MRECG identifies that loss oscillation in post-training quantization is caused by capacity mismatches between adjacent modules and resolves it by jointly optimizing those specific modules.

Core Problem

Existing PTQ methods suffer from 'oscillation' where reconstruction loss spikes during layer-by-layer or block-by-block optimization, causing irreversible accuracy degradation.

Why it matters:

Oscillation indicates that error accumulation in specific layers is breaking through the model's capacity to recover, leading to severe performance drops in low-bit settings (e.g., 2-bit)
Current methods like BRECQ and AdaRound treat all blocks uniformly or randomly, ignoring the structural causes of error spikes
The problem is particularly acute in compact models like MobileNetV2 where depthwise convolutions create significant capacity bottlenecks

Concrete Example: In MobileNetV2, a depthwise convolution layer often has much lower capacity than its adjacent layers. When quantizing sequentially, this capacity drop causes the reconstruction loss to spike (oscillate) rather than decrease smoothly, leading to a 6.61% accuracy drop in 2/4bit quantization compared to the proposed method.

Key Novelty

Mixed REConstruction Granularity (MRECG)

Theoretically proves that loss oscillation is caused by the difference in 'Module Capacity' (ModCap) between adjacent layers; small capacity in a later module amplifies error accumulation
Proposes a metric to quantify module capacity using parameter counts, bit-width, and stride scaling (or reconstruction loss for data-dependent scenarios)
Dynamically merges adjacent modules with the largest capacity differences into a single optimization block (joint optimization) to smooth out oscillations

Architecture

The workflow of MRECG, showing capacity estimation, ranking of capacity differences, and the selective joint optimization of modules.

Evaluation Highlights

+6.61% Top-1 accuracy on MobileNetV2x0.5 (2/4bit) compared to BRECQ, achieving 41.16%
+6.19% Top-1 accuracy on MobileNetV2x1.0 (2/4bit) compared to BRECQ, achieving 58.49%
+1.9% Top-1 accuracy on ResNet-50 (2/4bit) compared to BRECQ, achieving 70.04%

Breakthrough Assessment

8/10

Identifies a fundamental theoretical oversight in PTQ (oscillation) and provides a principled, effective solution that yields massive gains in difficult low-bit settings.

⚙️ Technical Details

Problem Definition

Setting: Post-Training Quantization (PTQ) where a pre-trained model is quantized using a small calibration dataset without full retraining.

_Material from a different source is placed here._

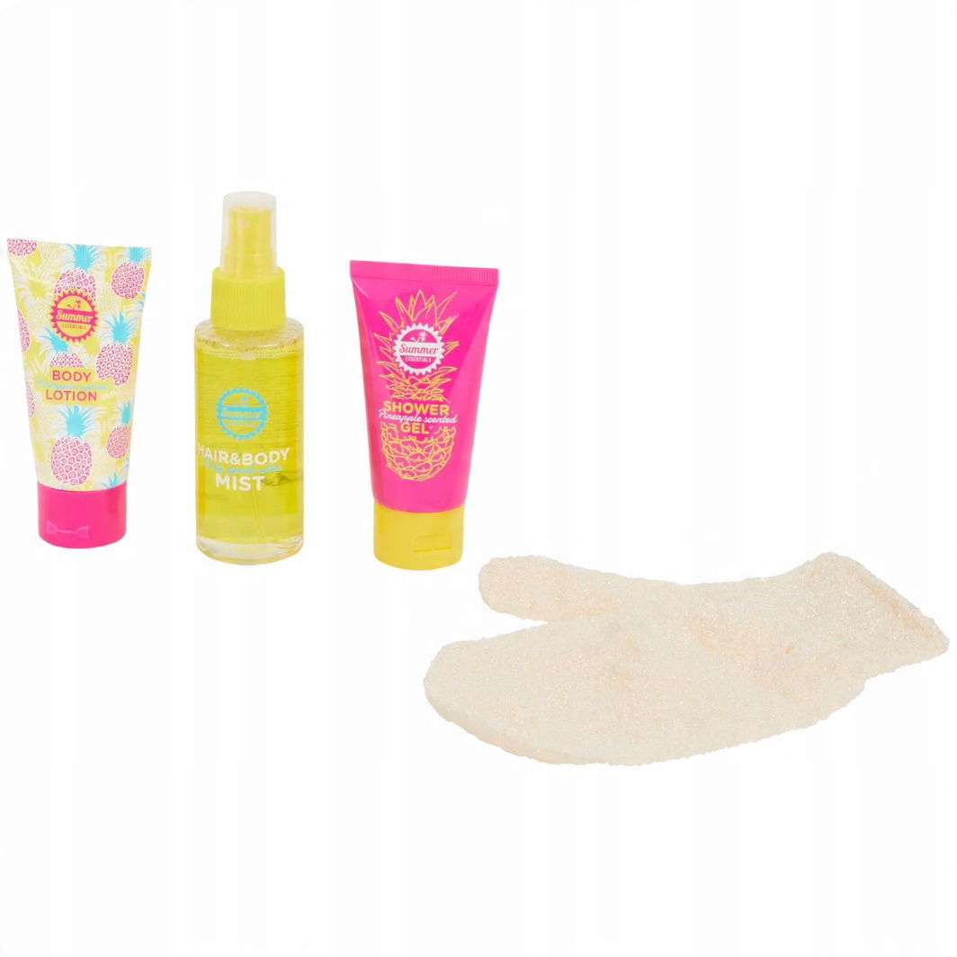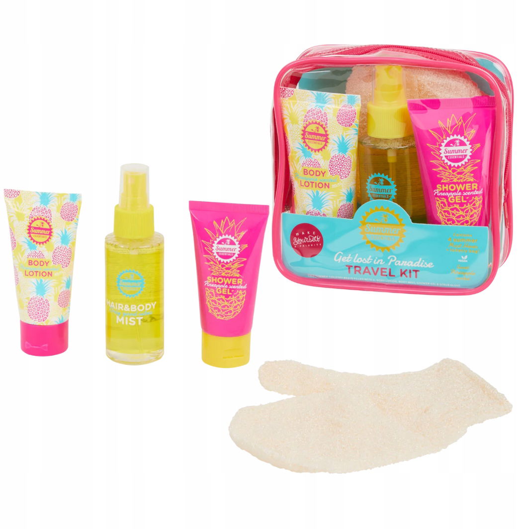 Zestaw składa się z poręcznego etui, rękawicy do peelingu, balsamu do ciała, żelu pod prysznic oraz mgiełki ciała.

Inputs: Pre-trained float32 model weights W and a small calibration dataset X.

Outputs: Quantized model weights and activations maximizing accuracy (minimizing reconstruction loss).

Pipeline Flow

Capacity Estimation (Data-Free or Data-Dependent)
Ranking & Selection of Top-k Capacity Differences
Joint Optimization of Selected Modules

System Modules

Capacity Estimator

Calculates the capacity of each module to identify bottlenecks

Model or implementation: Mathematical formula (Eq. 3 in paper)

Granularity Selector

Decides which adjacent modules should be merged for joint optimization

Model or implementation: Ranking algorithm

Quantizer (BRECQ/QDROP base)

Performs the actual quantization and weight reconstruction on the defined granularity

Model or implementation: BRECQ or QDROP optimization loop

Novel Architectural Elements

Adaptive reconstruction granularity: Unlike fixed layer-wise or block-wise methods, the pipeline dynamically changes optimization boundaries based on capacity analysis.

Modeling

Base Model: ResNet-18, ResNet-50, MobileNetV2 (various width multipliers)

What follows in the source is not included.